Problem: The material below includes pictures; leave them out and return only the lines between the line containing "- Embroidered neckline" and the line containing "Syracuse University (informally", inclusive, word for word.

Exercise data:
◇ ◇ ◇

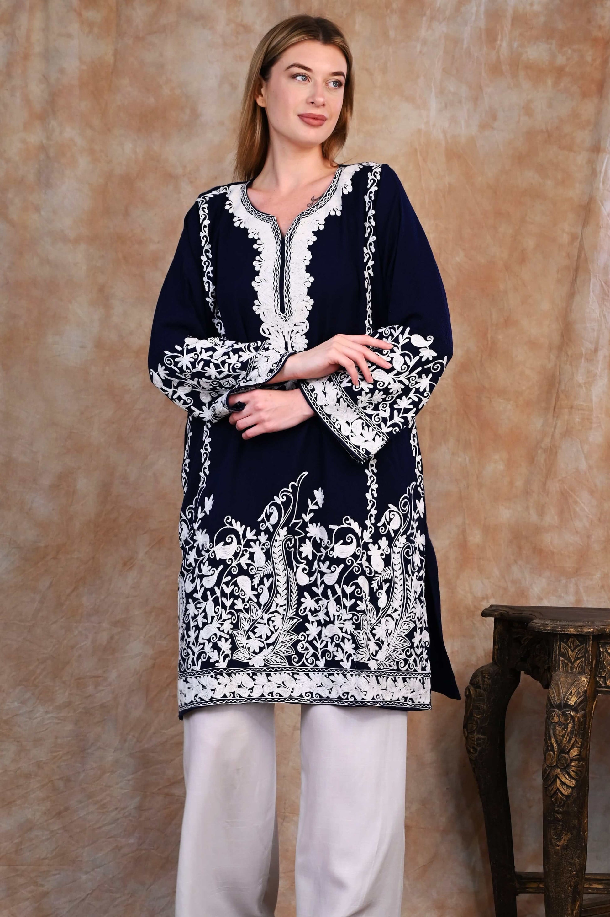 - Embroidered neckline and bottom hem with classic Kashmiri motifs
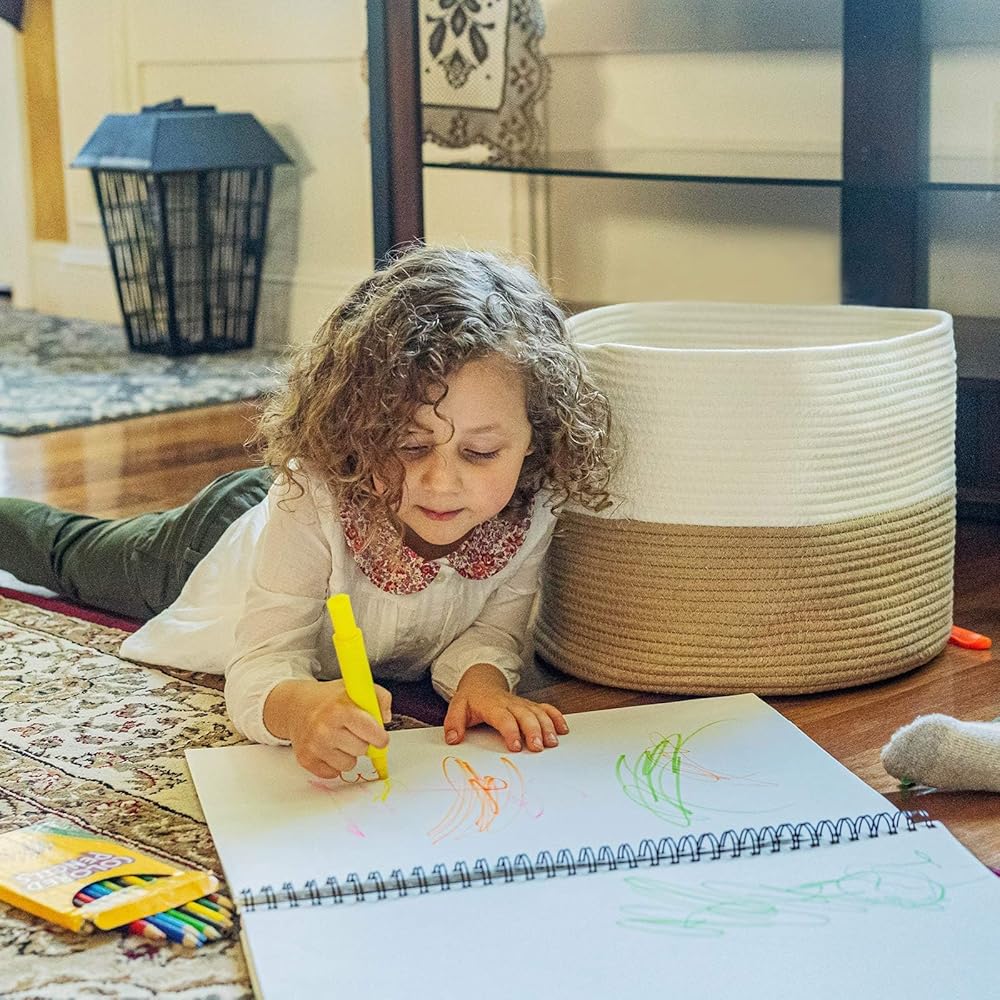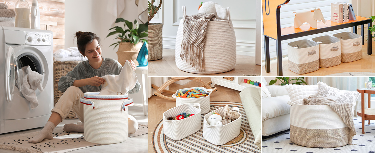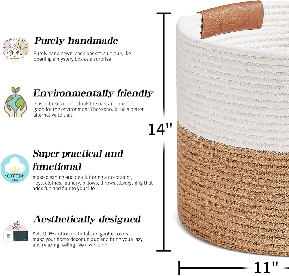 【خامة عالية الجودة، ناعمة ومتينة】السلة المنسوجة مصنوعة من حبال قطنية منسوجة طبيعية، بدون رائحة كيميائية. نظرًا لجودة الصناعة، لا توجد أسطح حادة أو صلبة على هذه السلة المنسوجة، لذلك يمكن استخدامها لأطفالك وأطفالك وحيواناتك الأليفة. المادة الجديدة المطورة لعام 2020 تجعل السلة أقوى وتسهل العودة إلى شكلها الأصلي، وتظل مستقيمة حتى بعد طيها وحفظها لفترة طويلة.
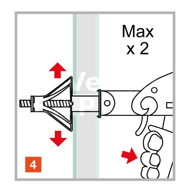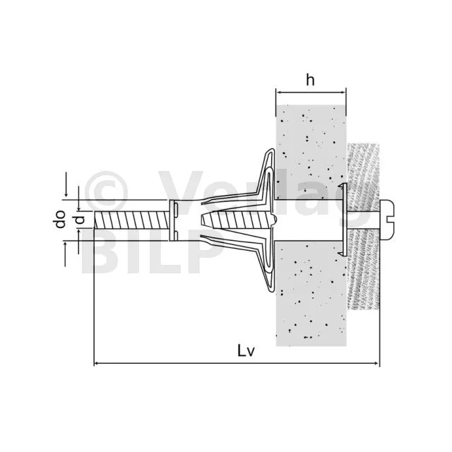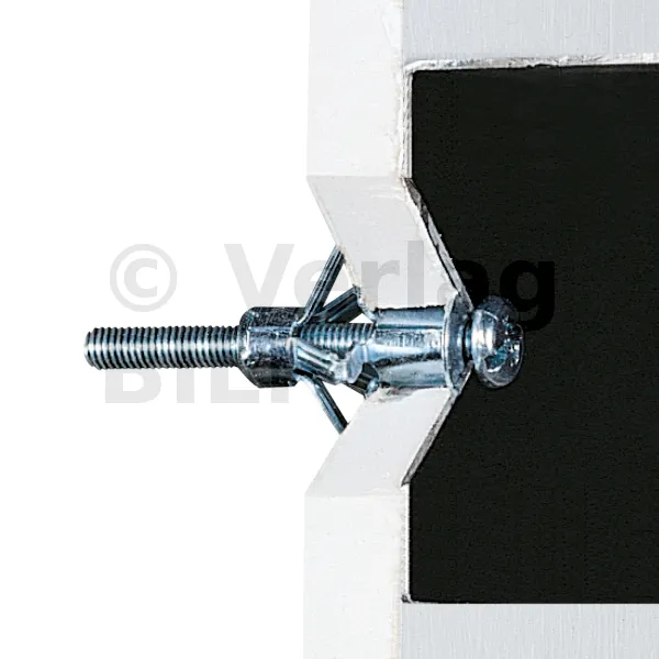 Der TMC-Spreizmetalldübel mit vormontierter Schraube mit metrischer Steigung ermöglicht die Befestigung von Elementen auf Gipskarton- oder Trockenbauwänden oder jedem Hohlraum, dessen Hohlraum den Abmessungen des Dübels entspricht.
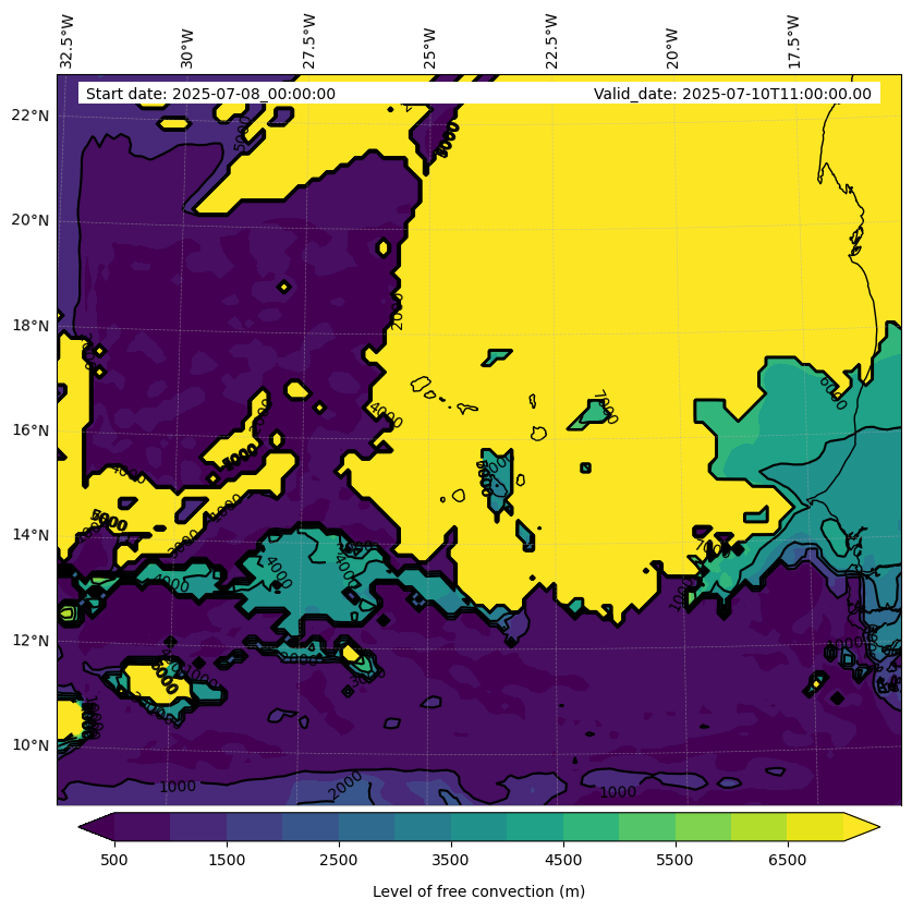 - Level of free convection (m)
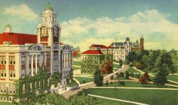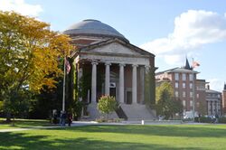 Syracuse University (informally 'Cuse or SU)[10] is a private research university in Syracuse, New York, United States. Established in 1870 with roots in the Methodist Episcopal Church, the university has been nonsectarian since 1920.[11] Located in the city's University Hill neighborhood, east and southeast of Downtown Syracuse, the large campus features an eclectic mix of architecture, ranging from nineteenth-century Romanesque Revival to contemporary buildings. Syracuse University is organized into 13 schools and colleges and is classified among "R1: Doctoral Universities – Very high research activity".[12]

◇ ◇ ◇

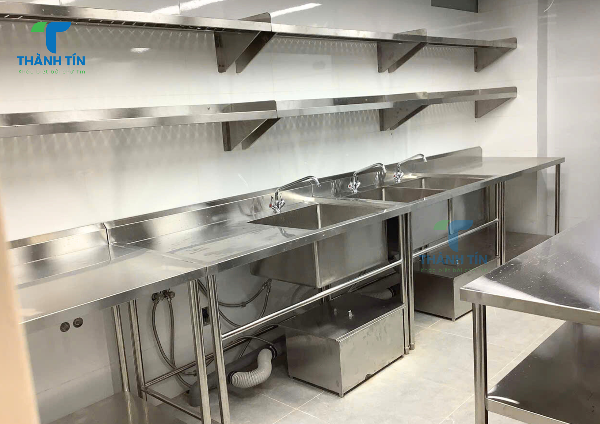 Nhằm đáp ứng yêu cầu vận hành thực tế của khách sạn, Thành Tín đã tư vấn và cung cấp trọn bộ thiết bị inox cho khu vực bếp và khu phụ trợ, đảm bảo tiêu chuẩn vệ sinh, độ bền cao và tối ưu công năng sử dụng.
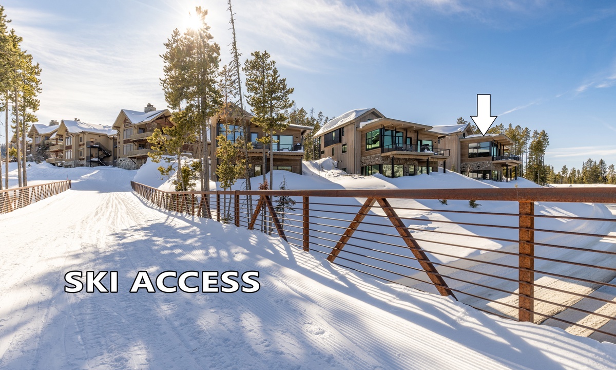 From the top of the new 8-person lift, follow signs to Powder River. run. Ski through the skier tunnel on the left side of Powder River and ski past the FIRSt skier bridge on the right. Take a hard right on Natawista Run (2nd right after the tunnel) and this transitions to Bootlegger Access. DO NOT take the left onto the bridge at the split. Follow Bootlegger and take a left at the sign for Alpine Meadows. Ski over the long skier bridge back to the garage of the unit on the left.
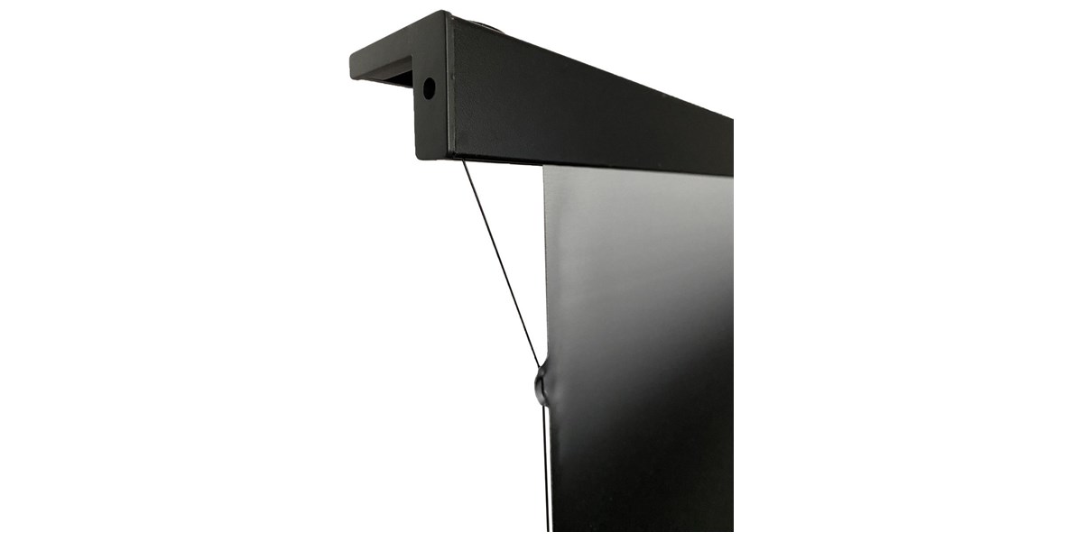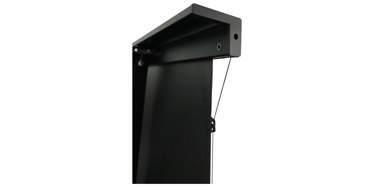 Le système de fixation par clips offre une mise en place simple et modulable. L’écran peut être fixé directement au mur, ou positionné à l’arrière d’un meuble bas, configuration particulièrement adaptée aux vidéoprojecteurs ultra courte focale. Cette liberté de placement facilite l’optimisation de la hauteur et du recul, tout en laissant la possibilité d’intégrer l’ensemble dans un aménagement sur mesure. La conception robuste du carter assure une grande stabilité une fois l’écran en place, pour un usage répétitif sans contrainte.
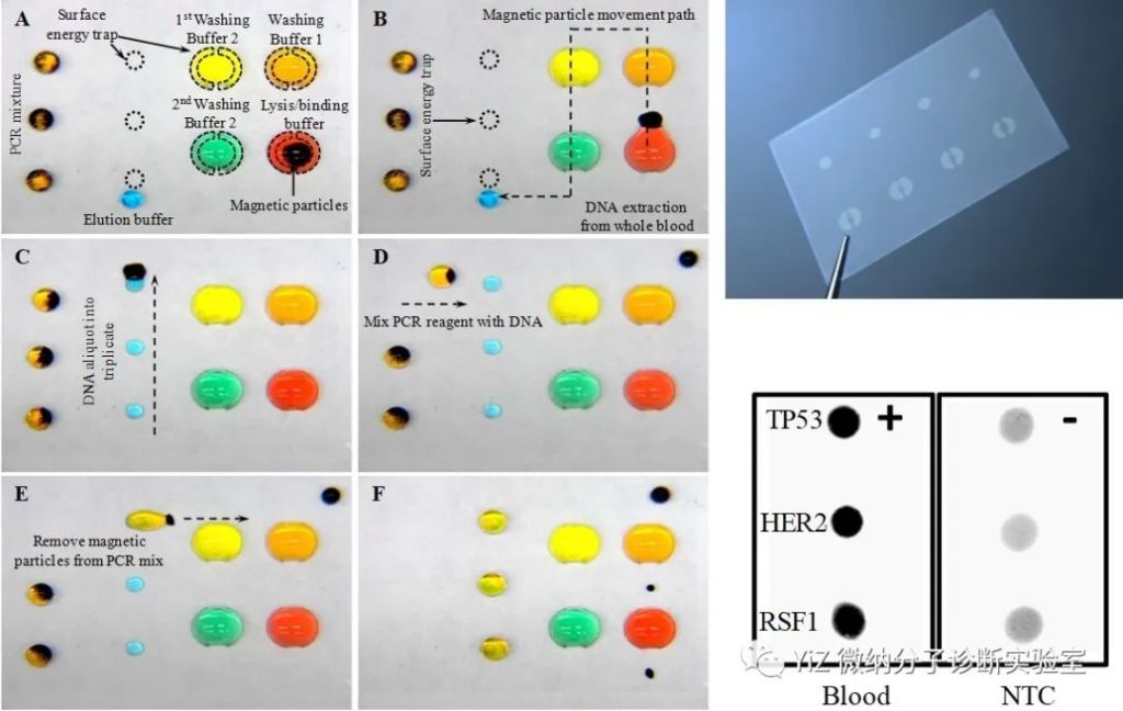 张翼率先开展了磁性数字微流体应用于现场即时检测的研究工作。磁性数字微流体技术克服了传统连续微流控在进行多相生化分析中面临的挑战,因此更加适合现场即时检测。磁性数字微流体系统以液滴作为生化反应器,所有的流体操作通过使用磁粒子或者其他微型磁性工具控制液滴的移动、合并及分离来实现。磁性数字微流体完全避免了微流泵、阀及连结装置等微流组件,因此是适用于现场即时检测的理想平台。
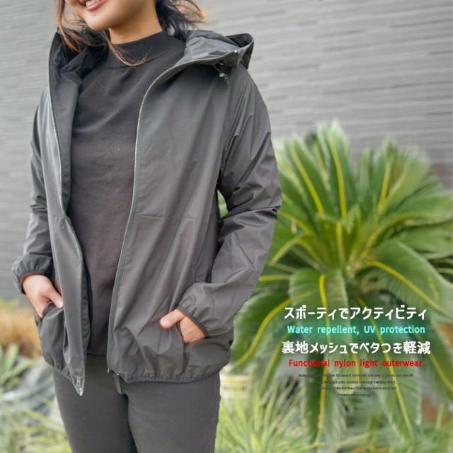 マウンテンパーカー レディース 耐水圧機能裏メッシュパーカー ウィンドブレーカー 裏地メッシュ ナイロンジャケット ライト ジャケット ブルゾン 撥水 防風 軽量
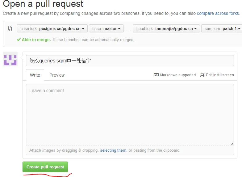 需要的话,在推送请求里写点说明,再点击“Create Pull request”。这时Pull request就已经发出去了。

◇ ◇ ◇

Response to the task:
 - Embroidered neckline and bottom hem with classic Kashmiri motifs
 【خامة عالية الجودة، ناعمة ومتينة】السلة المنسوجة مصنوعة من حبال قطنية منسوجة طبيعية، بدون رائحة كيميائية. نظرًا لجودة الصناعة، لا توجد أسطح حادة أو صلبة على هذه السلة المنسوجة، لذلك يمكن استخدامها لأطفالك وأطفالك وحيواناتك الأليفة. المادة الجديدة المطورة لعام 2020 تجعل السلة أقوى وتسهل العودة إلى شكلها الأصلي، وتظل مستقيمة حتى بعد طيها وحفظها لفترة طويلة.
 Der TMC-Spreizmetalldübel mit vormontierter Schraube mit metrischer Steigung ermöglicht die Befestigung von Elementen auf Gipskarton- oder Trockenbauwänden oder jedem Hohlraum, dessen Hohlraum den Abmessungen des Dübels entspricht.
 - Level of free convection (m)
 Syracuse University (informally 'Cuse or SU)[10] is a private research university in Syracuse, New York, United States. Established in 1870 with roots in the Methodist Episcopal Church, the university has been nonsectarian since 1920.[11] Located in the city's University Hill neighborhood, east and southeast of Downtown Syracuse, the large campus features an eclectic mix of architecture, ranging from nineteenth-century Romanesque Revival to contemporary buildings. Syracuse University is organized into 13 schools and colleges and is classified among "R1: Doctoral Universities – Very high research activity".[12]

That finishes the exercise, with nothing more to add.